Брат драматурга Михаил Островский (будущий министр государственных имуществ) делает приписку: «Проект адреса я читал: он написан не очень резко и уже подписан Кущелевым, Краевским, Майковым, Потехиным, Благосветловым и другими».

Негусто. Кушелев и Краевский не в счет – это не писатели. Майков тоже не в счет: родственник. Потехин – земляк и близкий друг. Он, кстати, сам собирает подписи и в параллельном письме сообщает Островскому, что заручился поддержкой Гончарова, Дружинина и Максимова. Положим, это фигуры ожидаемые, но Благосветлов! Интересно.

Благосветлов – друг Герцена, однокашник Чернышевского; Благосветлов, который три года спустя будет настаивать на буквальном толковании писаревского бойкота Лескову; Благосветлов – на стороне Писемского! – стало быть, еще не все потеряно?

Островский подписывать протест отказывается.

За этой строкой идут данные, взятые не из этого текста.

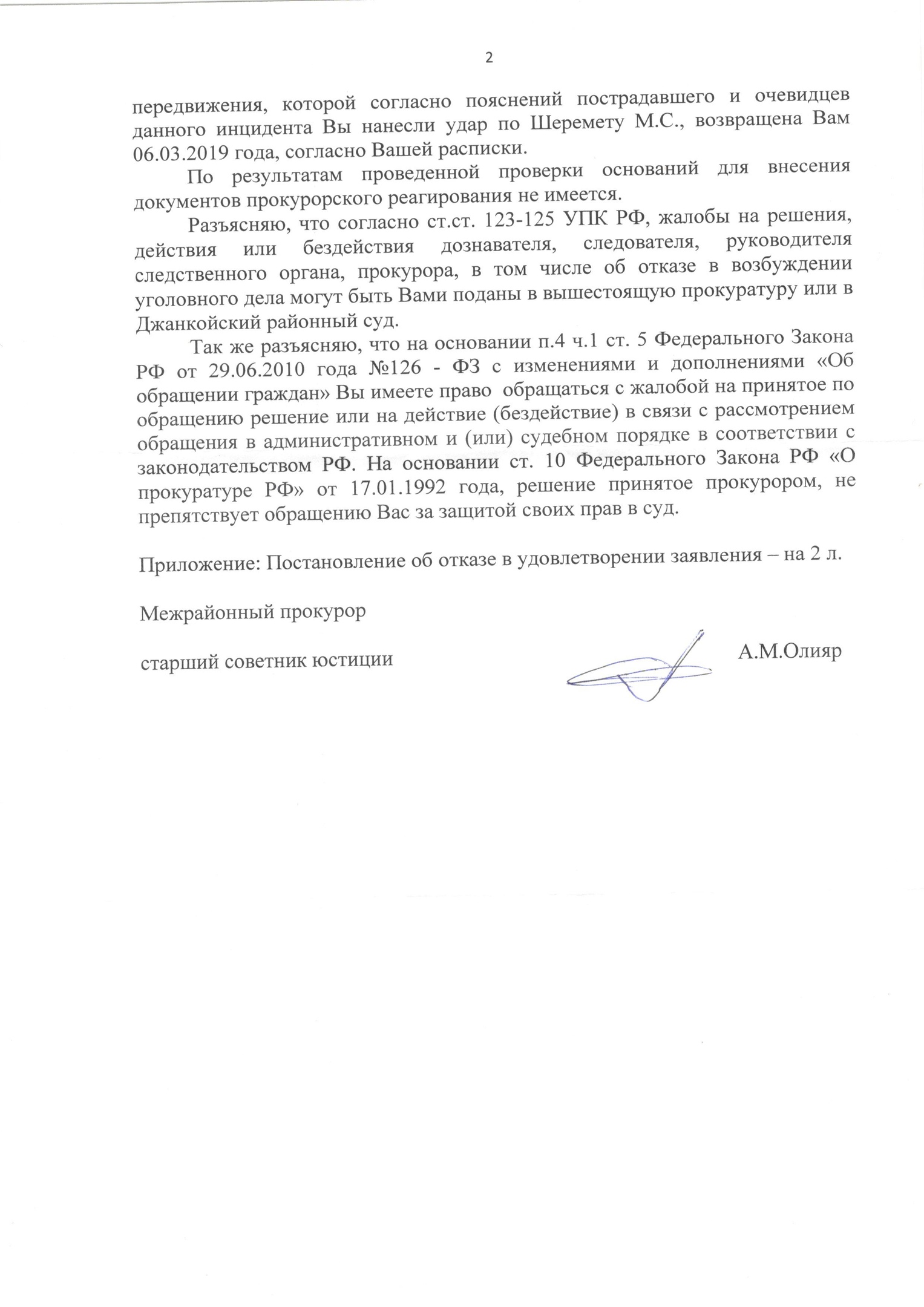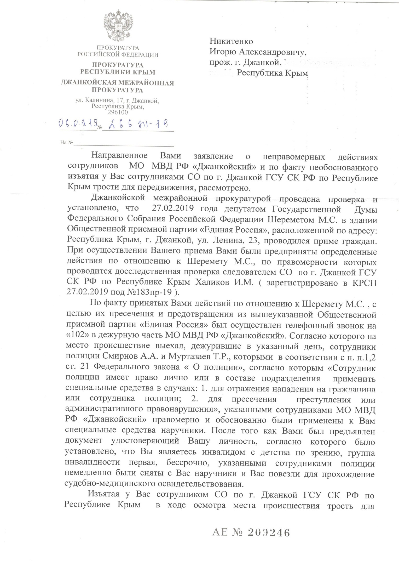 «Сотрудниками МВД правомерно и обоснованно были применены к вам специальные средства – наручники. После того, как вами был предъявлен документ, удостоверяющий вашу личность, согласно которому было установлено, что вы являетесь инвалидом с детства по зрению, сотрудниками полиции немедленно были сняты с вас (наручники – КР) и вас повезли на прохождение судебно-медицинского освидетельствования... Изъятая у вас в ходе осмотра места происшествия трость для передвижения, которой, согласно пояснениям пострадавшего и очевидцев инцидента, вы нанесли удар по Шеремету, возвращена вам 6 марта. По результатам проверки оснований для внесения документов прокурорского реагирования не имеется», – говорится в документе за подписью Олияра, которым располагают Крым.Реалии.

В Париж, Тургеневу: «Хорош гусь Островский; желая подделаться к Некрасову, ругает меня, вас, Гончарова и оплакивает Панаева и Чернышевского – подлая кутейническая душа не выдержала-таки и заявила себя…

Это написано спустя год после событий.

В разгар же событий, в феврале 1862 года, в Париж летит следующее послание: «Мой дорогой Иван Сергеич! Невдолге опять к вам пишу; до вас еще, может, не дошло, что на меня здесь поднялся целый кагал. „Искра“ напечатала на меня такую статью, какой еще и примера в литературе не было – по дерзости и нахальству тона. Дело произошло из-за следующего обстоятельства: вы знаете, как меня уже издавна (? – Л.А.) ненавидит «Современник»; но прошлого году и в декабрьской книжке нынешнего года «Библиотеки для чтения» я позадел их издателей, но позадел так, по признанию их самих (!? – Л.А.), очень весело и совершенно безобидно (!? – Л. А.). Но это было только, видно, на словах, но в самом деле злоба только была затаена, и вот один из клевретов их, какой-то выгнанный, говорят, попович из службы, некто Елисеев, написал по поводу этого фельетон на меня, более, чем брань; заставили то же сделать какого-то дуралея – фельетониста «Северной пчелы», и скоро, вероятно, появится о том же и в «Современнике». Словом, заругают насмерть. Некоторые невраждебные мне редакции и литераторы хотят, говорят (! – Л.А.), подать протест, а в отношении вас мне советовали вам написать обо всем и просить вас написать по поводу этому и вообще обо мне письмо в «Петербургские ведомости» (заметим этот вариант; редактор – Валентин Корш. – Л.А.), где оно сейчас же и будет напечатано. Написать тоже не надо медлить. Но если это найдете со своей стороны почему-либо неудобным, то и не делайте. Я, признаться сказать, не стал бы и писать вам этой просьбы, да приятели (! – ЛА.) утверждают, что это необходимо сделать, и вашему раздавшемуся за меня голосу посильнее публика поверит, а без того ведь она у нас матушка – дура. Отвечайте, бога ради, поскорее…»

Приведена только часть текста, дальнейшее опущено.